Lesson 8: Monsters That Hide in Observational Studies

Lesson 8: Monsters that Hide in Observational Studies


Students will learn about confounding factors that may impact the results of an observational study, which is why causation can never be concluded with observational studies, only associations between variables.


  1. Computers

  2. Spurious Correlations website (tylervigen.com)


cause, confounding factors, associated

Essential Concepts:

Essential Concepts:

Confounding factors/variables make it difficult to determine a cause-and-effect relation between two variables.


  1. Ask students to recall that they looked at the relationship between a student’s GPA and the number of friends that person has on social media during lesson 6. It seemed that students with higher GPAs had more friends than students with lower GPAs. But did this mean that the cause of a person’s GPA is the amount of friends they have? NO!

  2. They also identified other variables that could have contributed to the relationship, these outside variables are called confounding factors. Confounding factors are variables that are related to both the explanatory variable and the response variable in an observational study.

  3. Propose the following statement to students: “Research suggests that a rise in umbrella sales leads to decreased crime rates.”

  4. Allow the students to work in teams to think about possible confounding factors. They should choose a variable that is related to umbrella sales, and that might be lead to decreased crime rates. After they’ve come up with a few possibilities, use the following diagram progression to further explain the impact of confounding factors.

    1. Step 1: Draw an arrow showing that “a rise in umbrella sales leads to decreased crime rates” since that is what researchers have stated.

    2. Step 2: Include the variable that might be related to people buying more umbrellas (i.e., the confounding factor). For example, when the weather is rainy, people buy more umbrellas.

    3. Step 3: Draw an additional arrow from “Weather” to “Crime Rates Down” because it is well known that when the weather is bad, people are less likely to be outside committing crimes.

    4. Step 4: Remind students that the original claim was that “a rise in umbrella sales leads to decreased crime rates”.” However, we’ve now shown that maybe buying umbrellas is not the only thing that could be contributing to a decrease in crime, which makes us question the link between the two variables.

    5. Step 5: Therefore, we have found a confounding factor with the variable “crime rates.” This means we can erase the original “link” between a rise in umbrella sales and decreased crime rates since there are outside variables interfering. We can’t say buying umbrellas causes decreased crime rates, but we can say that a rise in umbrella sales are associated with decreased crime rates.

  5. Once the students grasp what confounding factors are and how to identify them, introduce them to the website Spurious Correlations by Tyler Vigen. This site shows many explanatory and response variables that are randomly associated with each other. Spurious Correlations can be found at: http://www.tylervigen.com/spurious-correlations.

  6. For the example given above, we see that as the US spends more money on science, space, and technology, more people are dying by way of suicide. Clearly, it does not make sense that if the US keeps spending money on science, then more people are going to commit suicide. It simply happened by chance (or a bizarre chain of confounding factors) that the two variables are related to each other.

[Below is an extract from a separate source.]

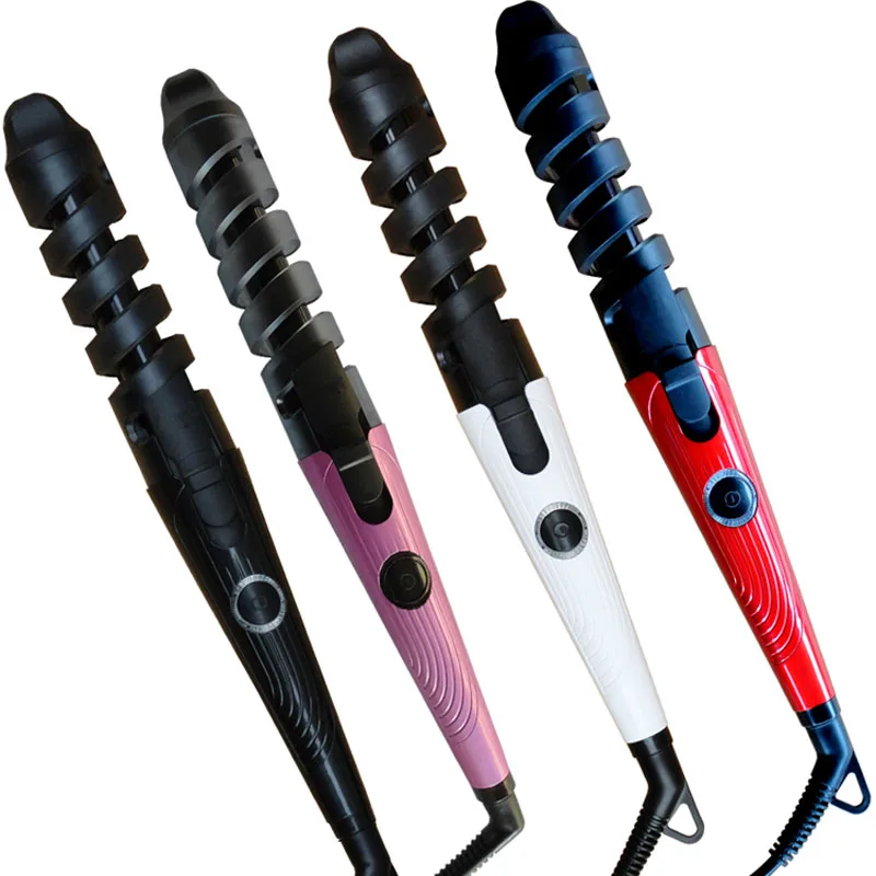 Щипцы для завивки позволяют создавать спиральные локоны и элегантные локоны, закручивая прядь волос вокруг нагретой штанги и удерживая ее с помощью предохранительного зажима.
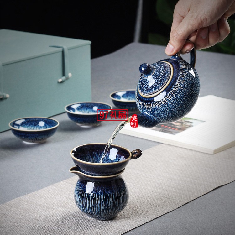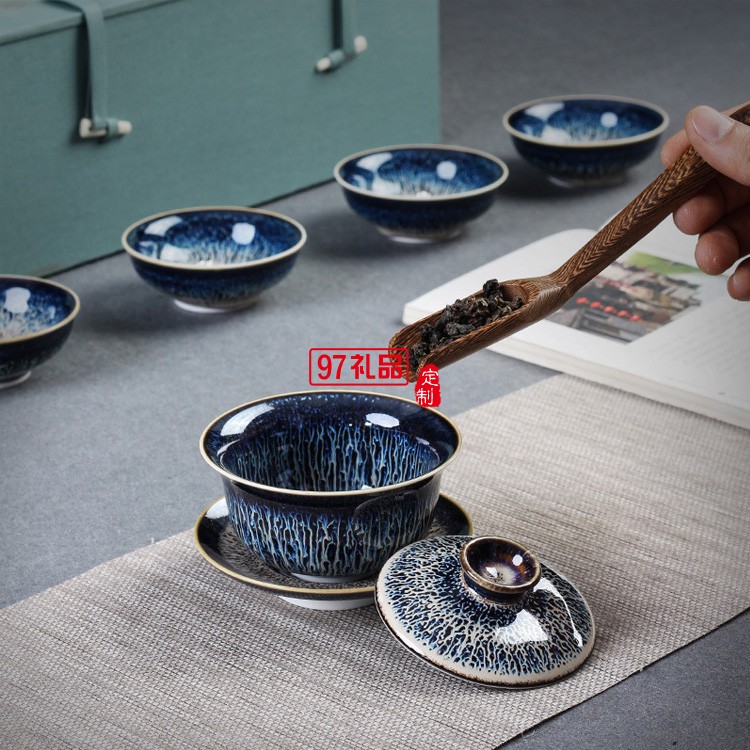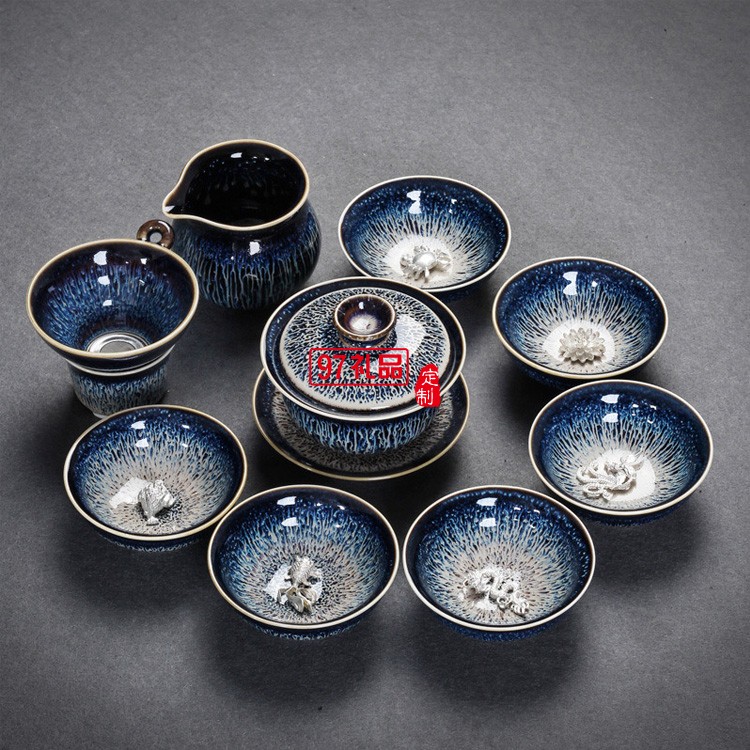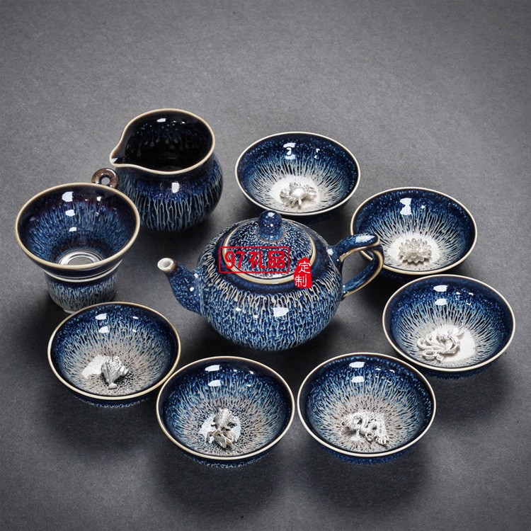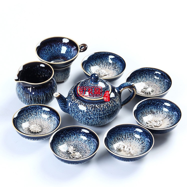 景德鎮(zhèn)鑲銀茶具辦公陶瓷家用套裝整套功夫茶具茶壺高檔商務禮品定制

  7. Allow the students to explore the website on their own (Note: there are multiple pages of graphs, so they are not restricted to simply the homepage). They should choose a graph that interests them and answer the following questions in their DS journals:

    1. What are the two variables shown in your graph?

    2. Is there a positive association or a negative association between the variables?

    3. Write an interpretation of this plot in the context of the data.

    4. Write the data points in a "spreadsheet format" in a form that RStudio could read. Each row should represent a point on the graph, and each column one of the two variables.

    5. By hand, make a scatterplot of the association. Describe whether the association seems strong or weak or moderate to you.

    6. Do you think that the explanatory variable causes the response variable? Explain.

    7. If you answered 'no' to f, then draw a diagram like in #4 with possible confounding factors.

      Note: this can be difficult, depending on the graph chosen. Some factors to consider: weather, economy, fashion trends.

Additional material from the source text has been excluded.